Surprisingly, we identified a polypeptide chain in the position of PsaJ, which was found to be absent in the genome of C. velia5. Instead of PsaJ, the position is occupied by the C-terminus of PsaF, which in C. velia was modeled with a 40 amino acid (AA) long extension. A non-conserved stretch of 20 amino acids links the canonical PsaF domain  to the PsaJ-like domain. Sequence alignment shows a similarity of approximately 30% between the new PsaJ-like C-terminus of PsaF and PsaJ of Symbiodinium, implying a gene fusion event between PsaF and PsaJ rather than an extension of the PsaF gene (Supplementary Fig. 7b, c). Interestingly, in cyanobacteria, psaF and psaJ form a bicistronic operon32, and in the red-lineage alga Cyanidioschyzon merolae, they are directly adjacent in the plastid genome33, supporting this hypothesis.

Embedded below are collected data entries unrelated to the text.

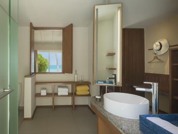 3. номер на пляже - крошечный, в изголовье кровати есть «окно» в туалет- получается что уши в полутора метрах от унитаза; нет навеса над террасой, зонт крошечный и немобильный - постоянно в тени может быть только один лежак; номера и террасы стоят вплотную, слышно разговоры соседей, а если это товарищи из второго пункта, то их слышно через две-три террасы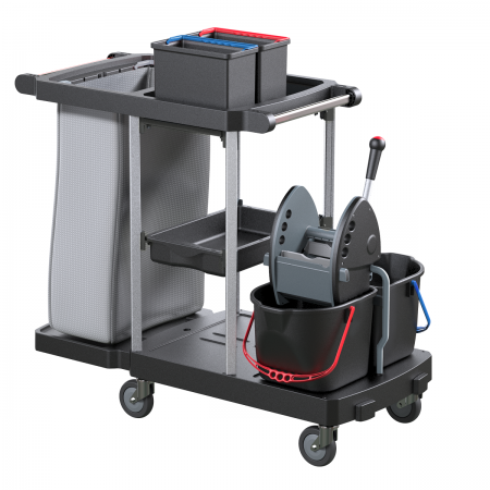 It is ideal for for dusting, waste collection and floor and surfaces cleaning, all in one trolley
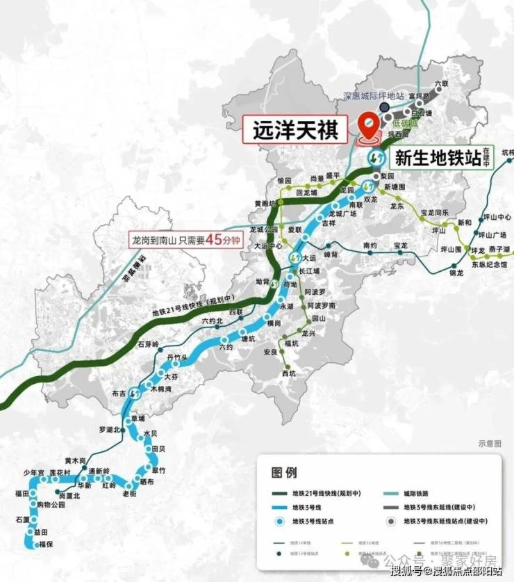 交通配套:远洋天祺距离地铁3号线东延线(在建中,预计2025年通车)和21号快线(规划中)双轨交汇“新生站”(建设中)直线距离仅约500米(百度地图测距),是片区离地铁最近的在售项目,未来还有深惠城际前海保税区至坪地段,全长58公里,时速160公里/小时,以后从项目到南山、前海也很方便快捷。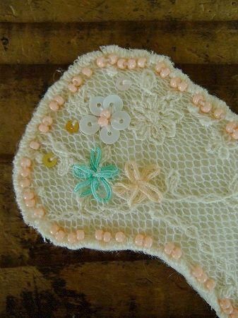 color アイボリー、ピンク、ミント、素材 ウール、ナイロンなど、made in China、size 3〜4.5×8cm、※ハンドメイドの為、多少のサイズの誤差が生じる場合がございます。予めご了承下さいませ。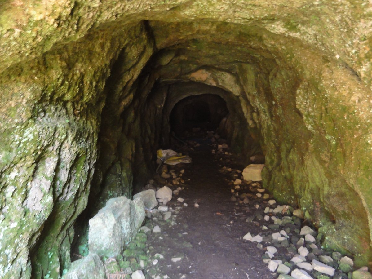 Embora já muito degradada, ainda são bem visíveis as edificações mineiras e as bocas das galerias.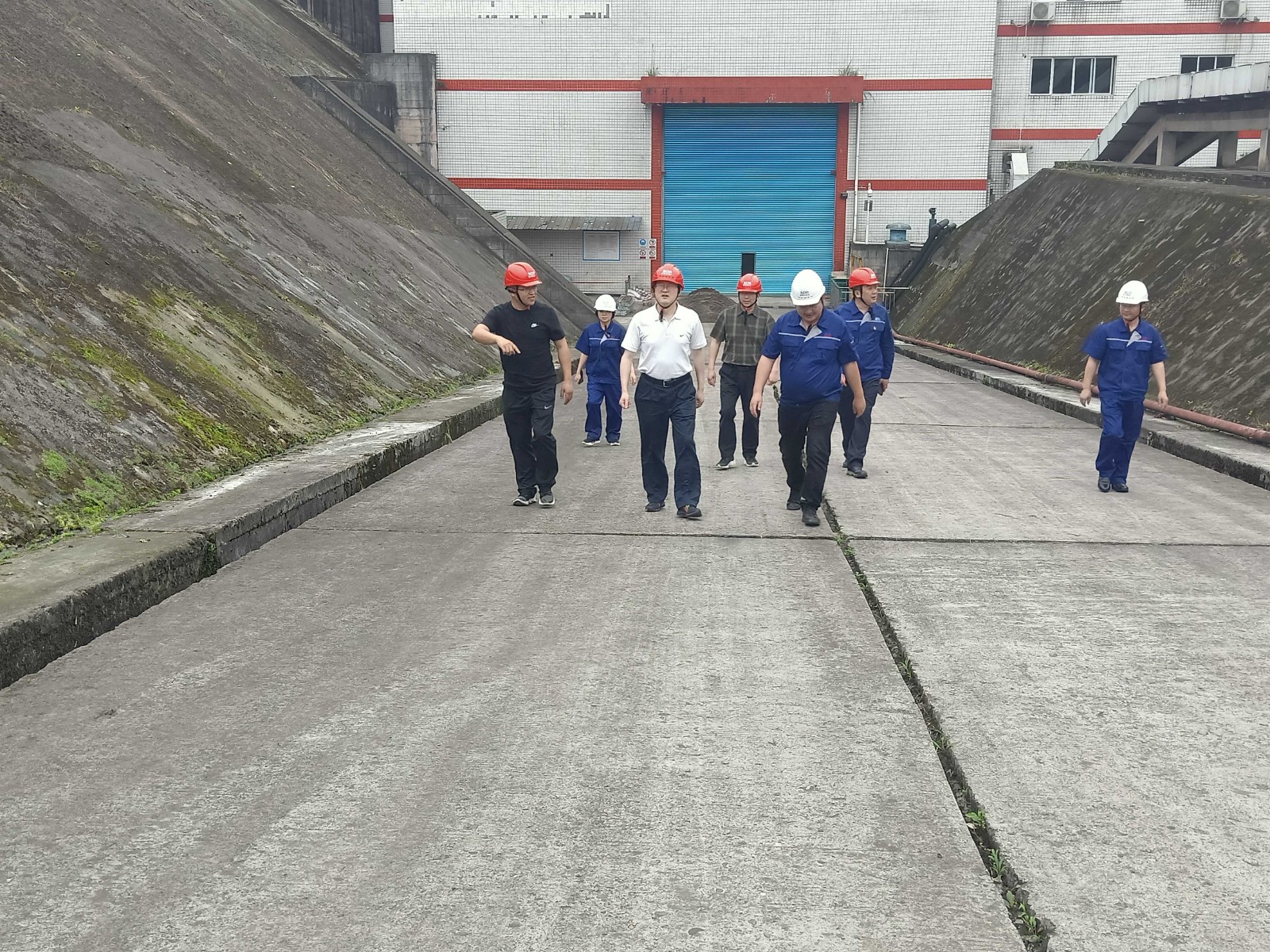 5月21日中午, 川投能源黨委委員、副總經(jīng)理?xiàng)钇皆诖ㄍ峨娏Ω笨偨?jīng)理王偉、陳云明陪同下,到百花灘電站檢查指導(dǎo)防汛工作。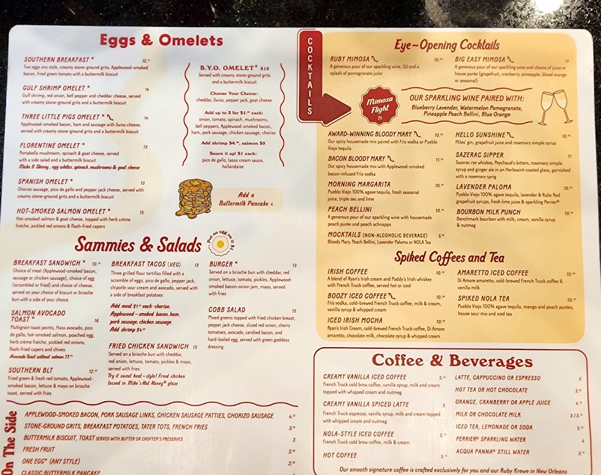 “Taste of Ruby” featuring our signature egg benedicts: Cochon, Chicken St. Charles and Bayou Shrimp

Finally, we also discovered superoxide dismutase dimers linked to the PSI core, forming enzymatic subunits never previously resolved in PSI structures (Fig. 2). Hence, we named these SOD1 and SOD2 subunits as PsaSOD1 and PsaSOD2, respectively. In summary, our structure reveals an unusual composition of PSI, with several novel structural scaffolds and enzymatic subunits acquired in the core.

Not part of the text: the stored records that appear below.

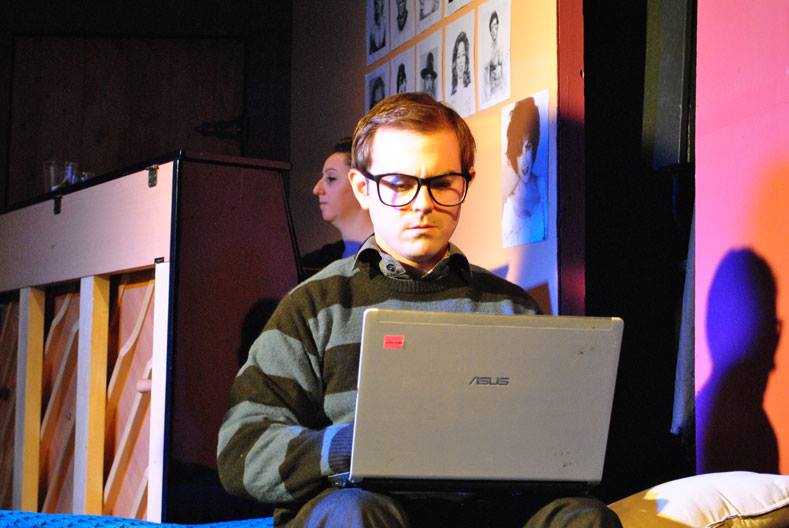 “When you’re taken they all flock by the score; but then (take it from me) the second that you’re free the girls you thought would want you don’t want you anymore!” Alex Allred as “Luke” shows Brad Simanski as “Darren” “The Way To Get A Girl”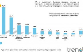 Близо до чертата остават БСП с 3,8% и МЕЧ с 3,6 на сто.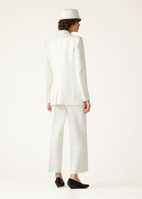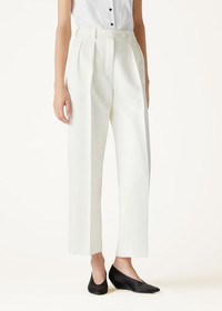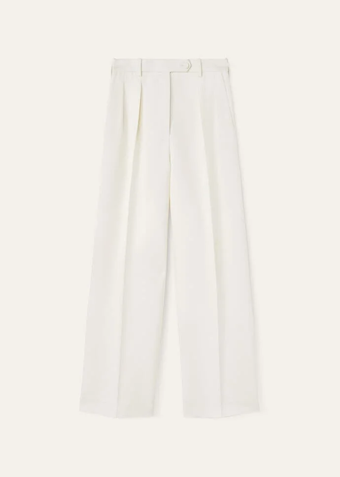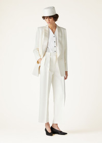 In the soft glow of the evening, the Bart pants emerge as a vision of refinement untouched by the passing of time. Crafted from a wool and silk blend, these straight-cut pants with a slight kick flare offer the perfect balance of structure and fluidity. The pressed crease and subtle pleats at the top add a touch of volume and sophistication, while the fabric-covered button at the waist ensures a seamless finish. Product details Pockets lined in plain weave silk Composition: 83% Wool, 17% Silk Model wears an IT 36 Model measures: height 5′ 10″/ 179cm, bust 30.3″/ 77cm, waist 23.2″/ 59cm, hips 34.3″/ 87cm. Product code: FAO4608

The PsaSOD1/2 heterodimer is stably attached to the stromal PSI PsaCDE triad

The well-ordered PsaSOD1/2 heterodimer is attached to the stromal subunits PsaCDE (Fig. 4a) via the N-terminal extension of PsaSOD1 (linker), which is absent in PsaSOD2. This linker extends about 100 AA and is positioned on the surface of the stromal side of PSI. It forms interactions with an extensive number of subunits, including PsaD, PsaL, PsaB, and FCPb (Fig. 4b). The N-terminus folds back to the attachment site, where it interacts with PsaM at its C-terminus. Several other interactions, although less extensive, take place with the canonical subunits PsaB, PsaC, PsaD, PsaE, PsaI, and PsaM (Fig. 4b).

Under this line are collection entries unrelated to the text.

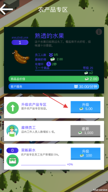1、在农产品专区的熟透水果商品界面,会展示商品价值与客户服务收益,点击该界面即可升级农产品专区。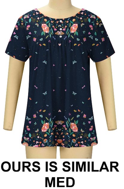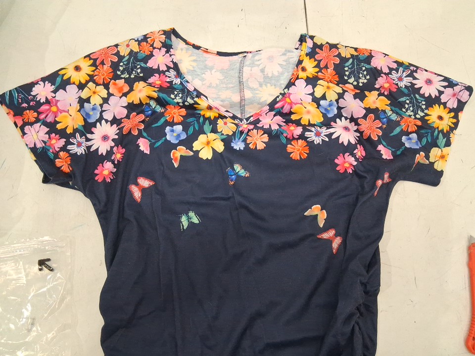 V NECK SHORT SLEEVE SHIRT - MEDIUM - FLORAL/BUTTERFLY PRINT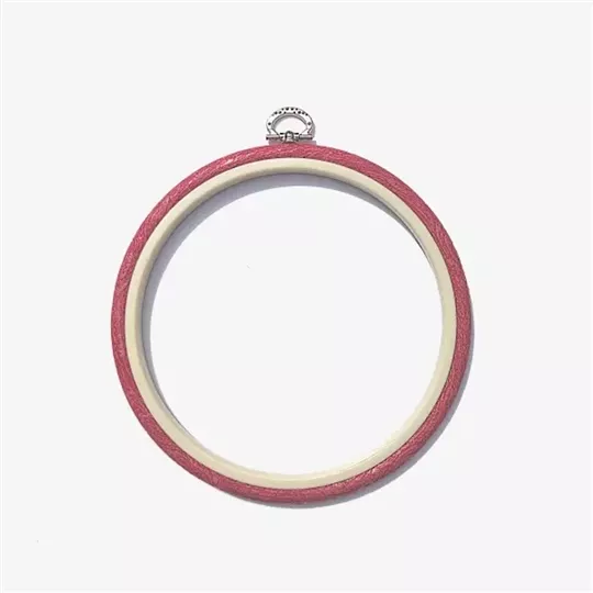 This hoop measures 17cm around the outer edge (6.75 inches) and the outer ring is red in colour.

Fig. 4: The attachment of PsaSOD1/2 subunits to the stromal side of the PSI core.
figure 4

a The PsaSOD1/2 heterodimer stably binds to the PsaCDE triad of PSI via an N-terminal extension (linker, highlighted in orange). b The linker of PsaSOD1 is buried in a groove that is formed by stromal parts of PsaD, PsaL, PsaI, PsaB, and FCPb, engaging in hydrophobic, charged, and polar interactions with a total buried surface area of 4675 Å2. c PsaSOD2 is the catalytically active site with Fe bound to three histidines and one aspartate, while PsaSOD1 has lost its Fe cofactor due to a mutation of one histidine to threonine, resulting in unfavorable coordination for Fe. d PsaSOD1 has two N-linked glycosylation sites at the SOD domain and in the N-terminal linker region; both glycosylation sites were confirmed by MS analysis (Supplementary Fig. 10). The conserved NXS/T motif, with the sugar chains, are shown with density. Color coding follows the same scheme as in Fig. 1.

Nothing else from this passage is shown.